* _Required action_
For the entries that follow, retype exactly the lines from the one containing "Chapéu bucket personalizado" to the one containing "Voice-activated and ability", inclusive, and only those. Images stay out of the copy.

* _Records supplied_
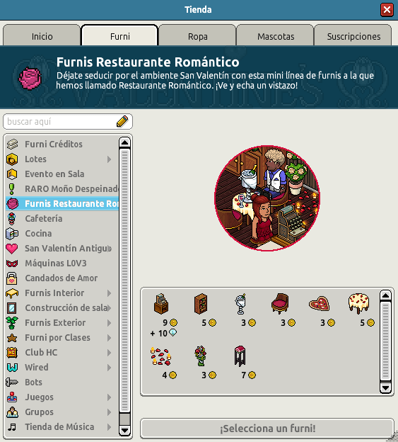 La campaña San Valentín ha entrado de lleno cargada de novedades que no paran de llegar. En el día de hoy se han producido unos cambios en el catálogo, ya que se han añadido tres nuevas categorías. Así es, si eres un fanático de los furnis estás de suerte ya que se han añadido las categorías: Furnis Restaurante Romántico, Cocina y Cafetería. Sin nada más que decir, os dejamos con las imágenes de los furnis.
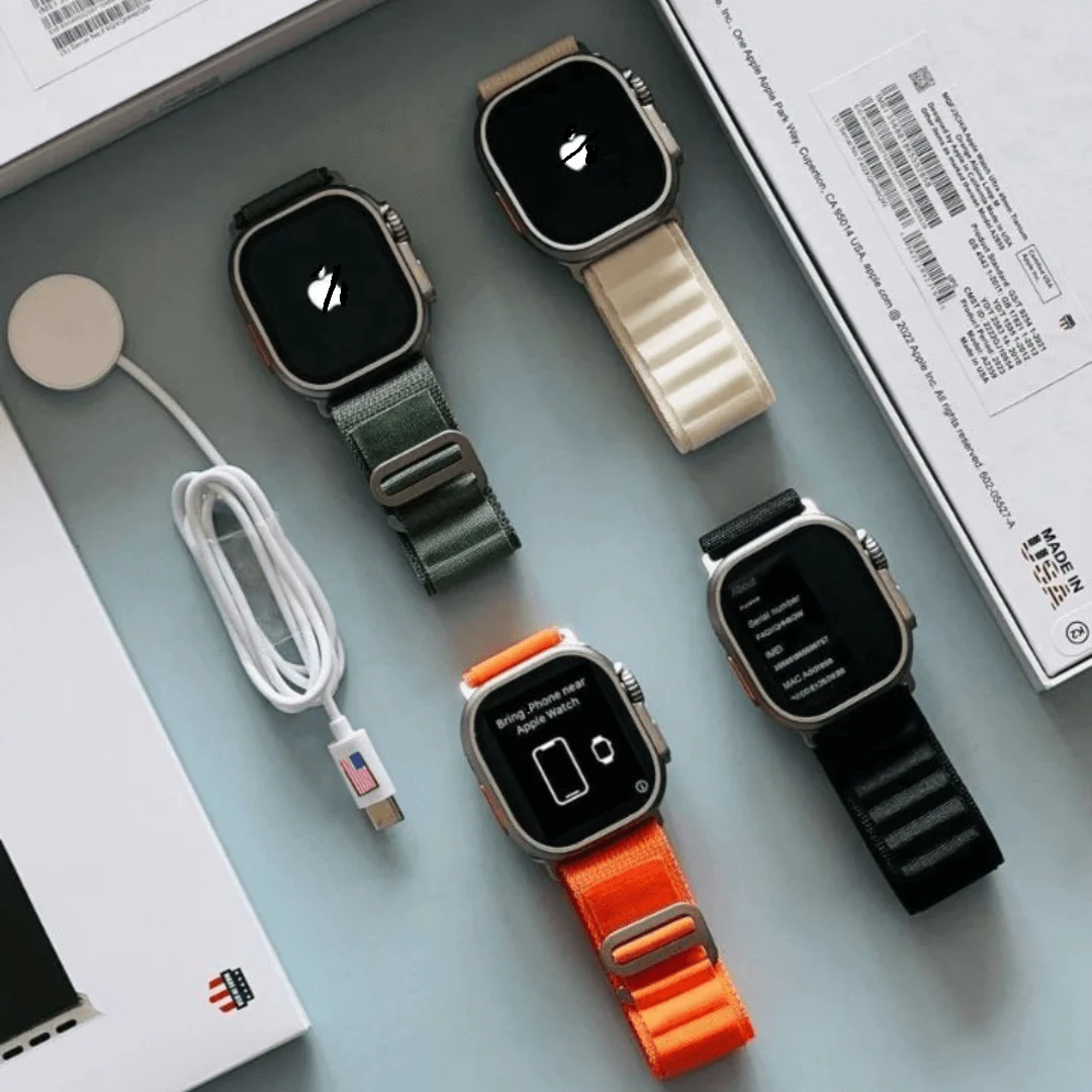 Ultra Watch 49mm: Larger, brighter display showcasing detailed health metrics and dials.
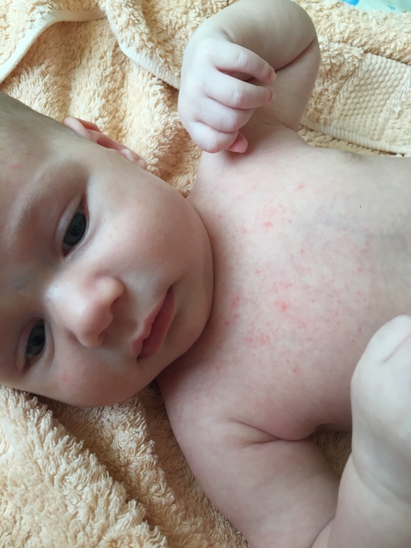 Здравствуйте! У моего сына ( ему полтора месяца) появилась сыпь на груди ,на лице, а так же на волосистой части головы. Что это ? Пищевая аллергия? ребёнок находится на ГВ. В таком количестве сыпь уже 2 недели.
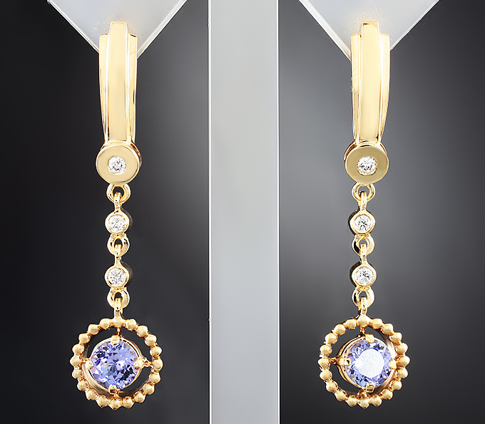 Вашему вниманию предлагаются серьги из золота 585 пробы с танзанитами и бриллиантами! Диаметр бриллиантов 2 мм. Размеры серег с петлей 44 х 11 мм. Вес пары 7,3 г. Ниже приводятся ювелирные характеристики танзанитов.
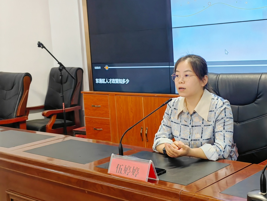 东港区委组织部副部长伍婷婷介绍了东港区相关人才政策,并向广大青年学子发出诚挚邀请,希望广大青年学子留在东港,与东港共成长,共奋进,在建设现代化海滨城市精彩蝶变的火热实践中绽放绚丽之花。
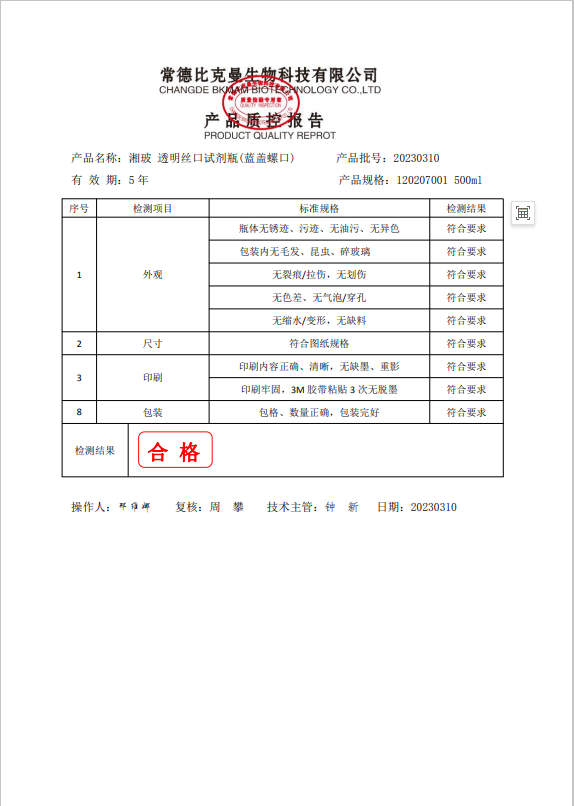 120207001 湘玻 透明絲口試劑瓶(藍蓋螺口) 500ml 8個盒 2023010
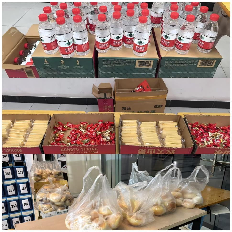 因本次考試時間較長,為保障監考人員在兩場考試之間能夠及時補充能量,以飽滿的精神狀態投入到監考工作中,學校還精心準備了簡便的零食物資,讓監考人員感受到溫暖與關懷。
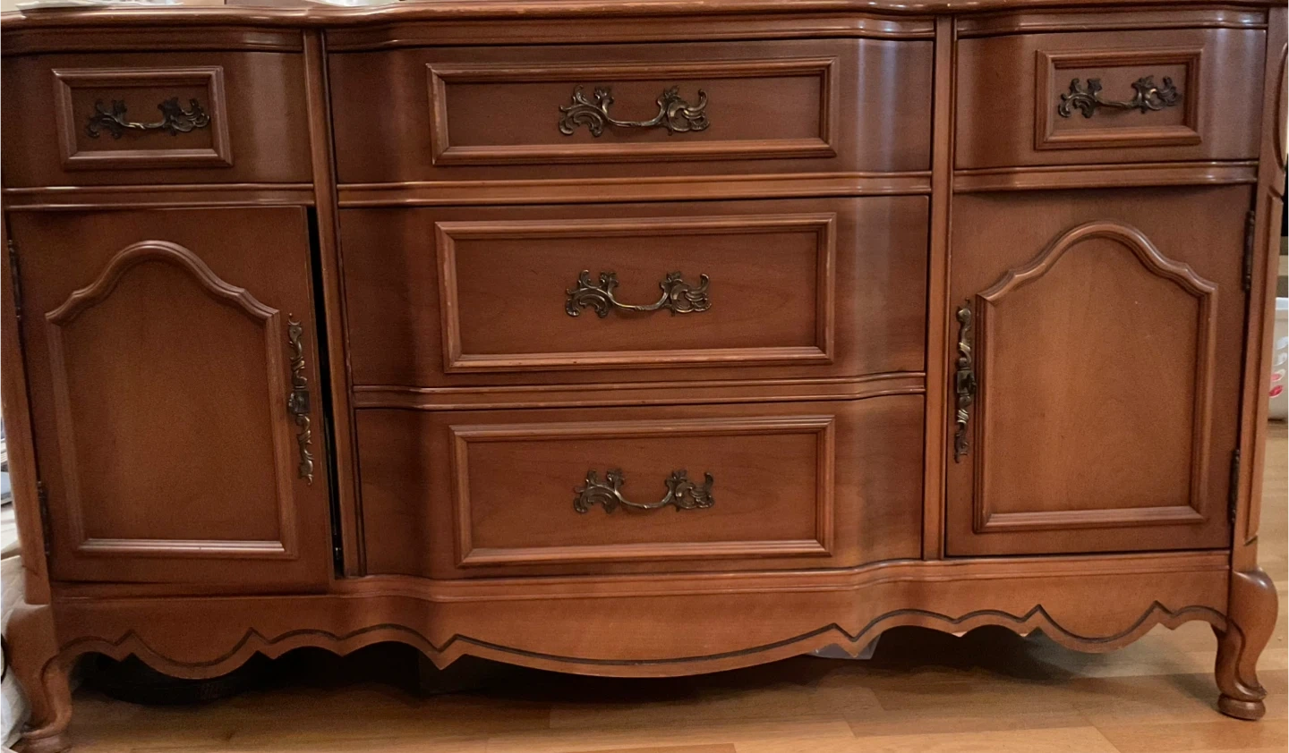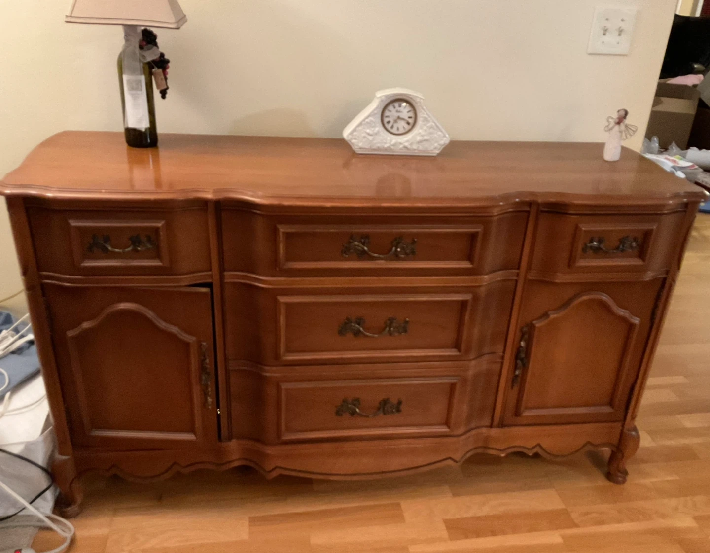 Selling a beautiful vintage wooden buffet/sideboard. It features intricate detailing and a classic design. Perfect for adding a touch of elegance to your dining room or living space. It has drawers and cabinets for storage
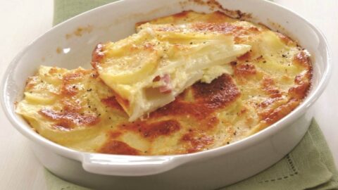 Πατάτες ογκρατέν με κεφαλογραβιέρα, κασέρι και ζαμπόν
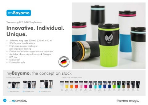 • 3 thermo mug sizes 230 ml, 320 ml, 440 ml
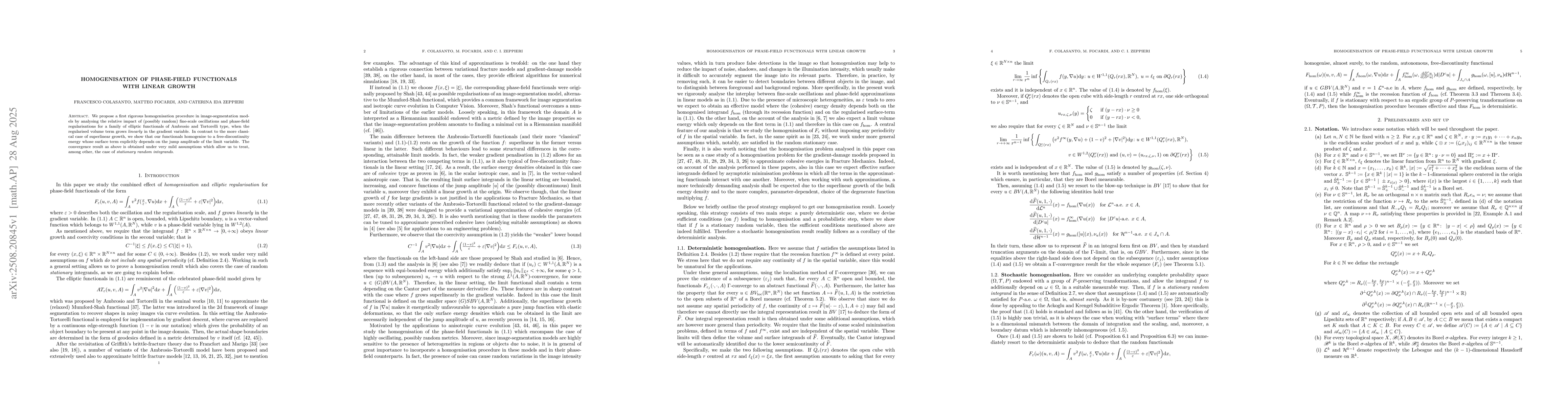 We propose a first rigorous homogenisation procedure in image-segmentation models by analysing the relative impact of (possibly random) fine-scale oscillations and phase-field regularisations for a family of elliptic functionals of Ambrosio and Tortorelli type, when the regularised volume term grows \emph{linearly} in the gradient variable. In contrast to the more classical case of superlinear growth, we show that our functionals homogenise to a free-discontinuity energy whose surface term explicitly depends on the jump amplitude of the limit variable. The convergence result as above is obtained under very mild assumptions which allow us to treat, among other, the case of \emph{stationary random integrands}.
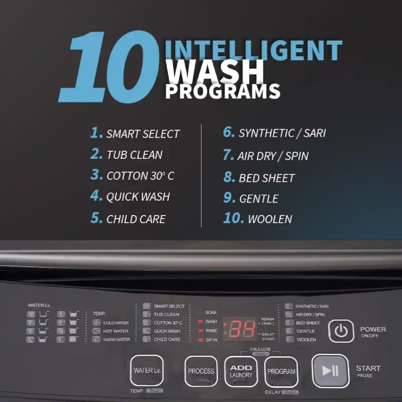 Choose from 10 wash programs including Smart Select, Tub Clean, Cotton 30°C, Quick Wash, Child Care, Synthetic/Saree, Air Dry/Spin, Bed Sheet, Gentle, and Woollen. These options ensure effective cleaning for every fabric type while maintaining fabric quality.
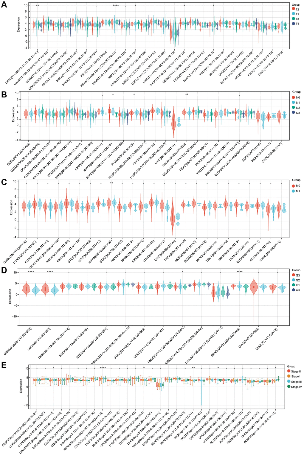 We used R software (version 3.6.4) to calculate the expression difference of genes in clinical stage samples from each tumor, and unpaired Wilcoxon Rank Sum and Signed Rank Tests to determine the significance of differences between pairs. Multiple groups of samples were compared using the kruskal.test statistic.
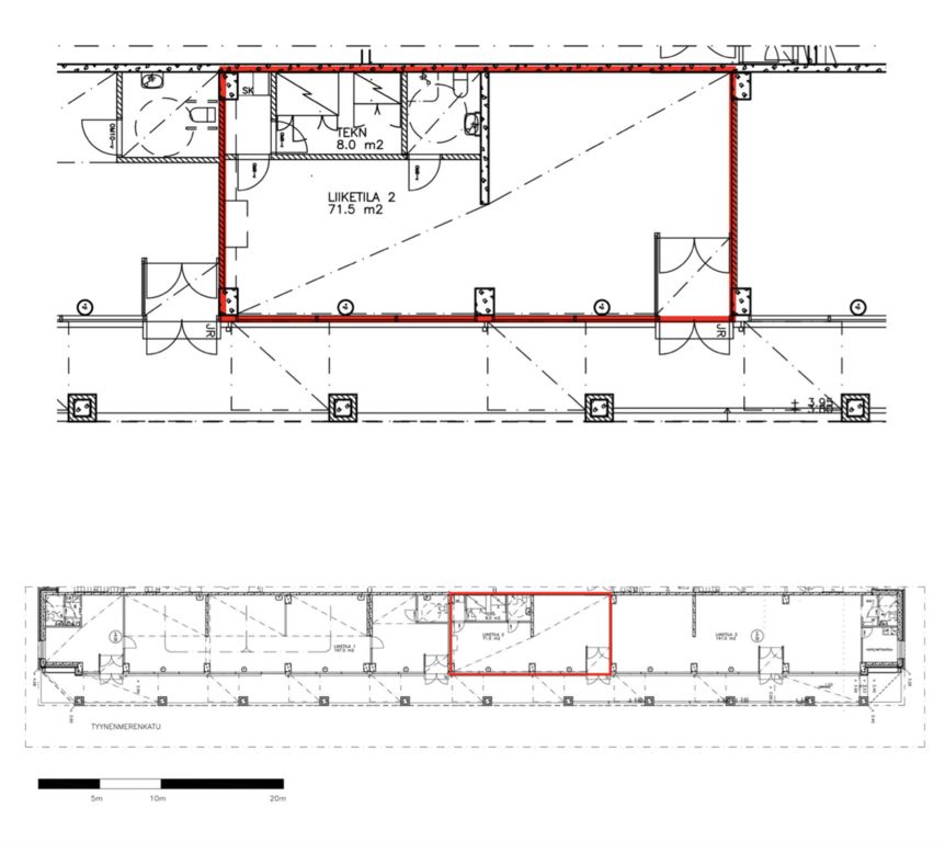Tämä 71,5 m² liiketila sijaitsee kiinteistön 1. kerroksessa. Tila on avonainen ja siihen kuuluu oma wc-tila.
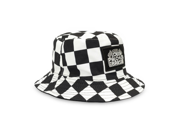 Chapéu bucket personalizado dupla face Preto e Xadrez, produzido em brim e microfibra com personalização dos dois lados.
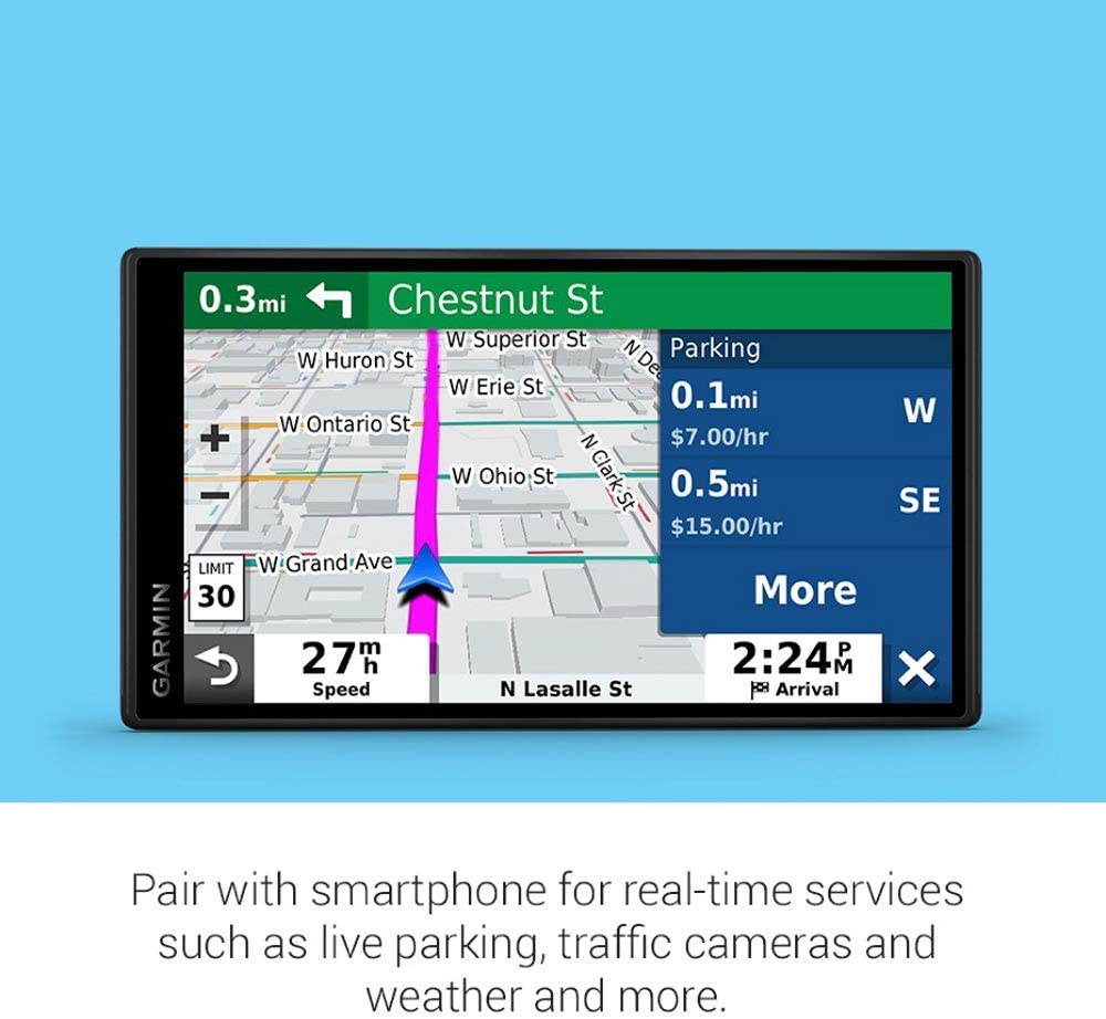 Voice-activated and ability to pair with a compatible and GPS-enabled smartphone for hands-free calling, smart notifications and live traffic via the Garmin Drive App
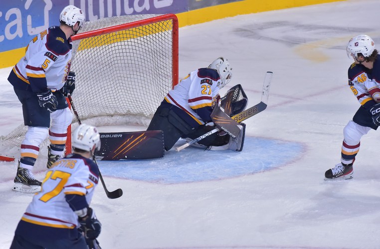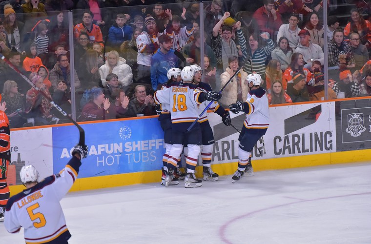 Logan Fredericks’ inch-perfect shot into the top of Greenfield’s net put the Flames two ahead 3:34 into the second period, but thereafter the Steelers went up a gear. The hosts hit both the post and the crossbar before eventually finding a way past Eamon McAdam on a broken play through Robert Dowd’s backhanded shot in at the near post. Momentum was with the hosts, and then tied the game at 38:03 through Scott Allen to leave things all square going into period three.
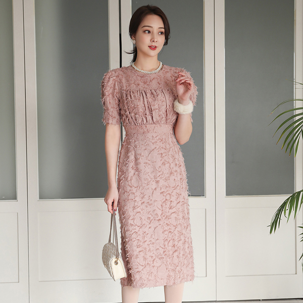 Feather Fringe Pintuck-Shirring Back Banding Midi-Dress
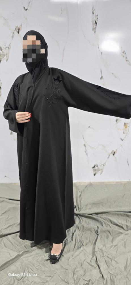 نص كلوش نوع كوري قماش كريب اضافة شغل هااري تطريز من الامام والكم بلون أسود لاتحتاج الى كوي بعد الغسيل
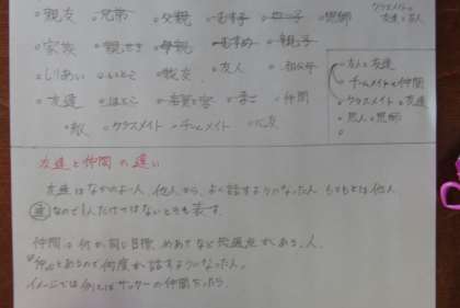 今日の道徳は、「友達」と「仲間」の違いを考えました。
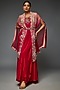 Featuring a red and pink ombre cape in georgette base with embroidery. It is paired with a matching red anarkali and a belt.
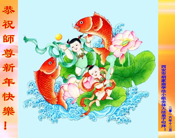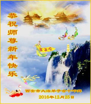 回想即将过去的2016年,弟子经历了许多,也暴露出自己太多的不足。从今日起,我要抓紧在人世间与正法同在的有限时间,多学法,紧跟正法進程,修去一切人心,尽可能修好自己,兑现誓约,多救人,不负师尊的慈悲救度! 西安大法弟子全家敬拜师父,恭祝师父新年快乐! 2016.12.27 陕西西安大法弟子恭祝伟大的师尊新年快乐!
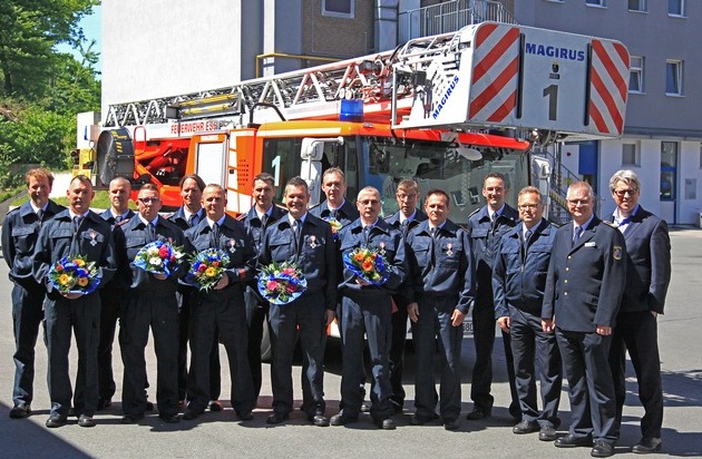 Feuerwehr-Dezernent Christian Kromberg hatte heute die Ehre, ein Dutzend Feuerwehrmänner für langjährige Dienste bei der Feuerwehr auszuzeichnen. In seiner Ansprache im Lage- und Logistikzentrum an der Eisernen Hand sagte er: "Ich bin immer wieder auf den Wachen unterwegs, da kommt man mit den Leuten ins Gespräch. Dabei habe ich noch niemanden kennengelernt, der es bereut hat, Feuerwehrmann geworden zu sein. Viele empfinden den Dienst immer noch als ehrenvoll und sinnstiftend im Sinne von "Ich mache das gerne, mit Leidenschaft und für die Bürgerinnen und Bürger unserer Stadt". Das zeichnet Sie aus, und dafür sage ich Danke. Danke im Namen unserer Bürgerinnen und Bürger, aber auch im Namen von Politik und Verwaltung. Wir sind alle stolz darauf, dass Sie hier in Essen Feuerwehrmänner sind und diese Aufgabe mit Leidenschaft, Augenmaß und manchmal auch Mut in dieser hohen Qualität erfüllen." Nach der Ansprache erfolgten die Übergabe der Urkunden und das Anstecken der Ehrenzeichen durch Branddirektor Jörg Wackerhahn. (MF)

* _Exercise output_
 Chapéu bucket personalizado dupla face Preto e Xadrez, produzido em brim e microfibra com personalização dos dois lados.
 Voice-activated and ability to pair with a compatible and GPS-enabled smartphone for hands-free calling, smart notifications and live traffic via the Garmin Drive App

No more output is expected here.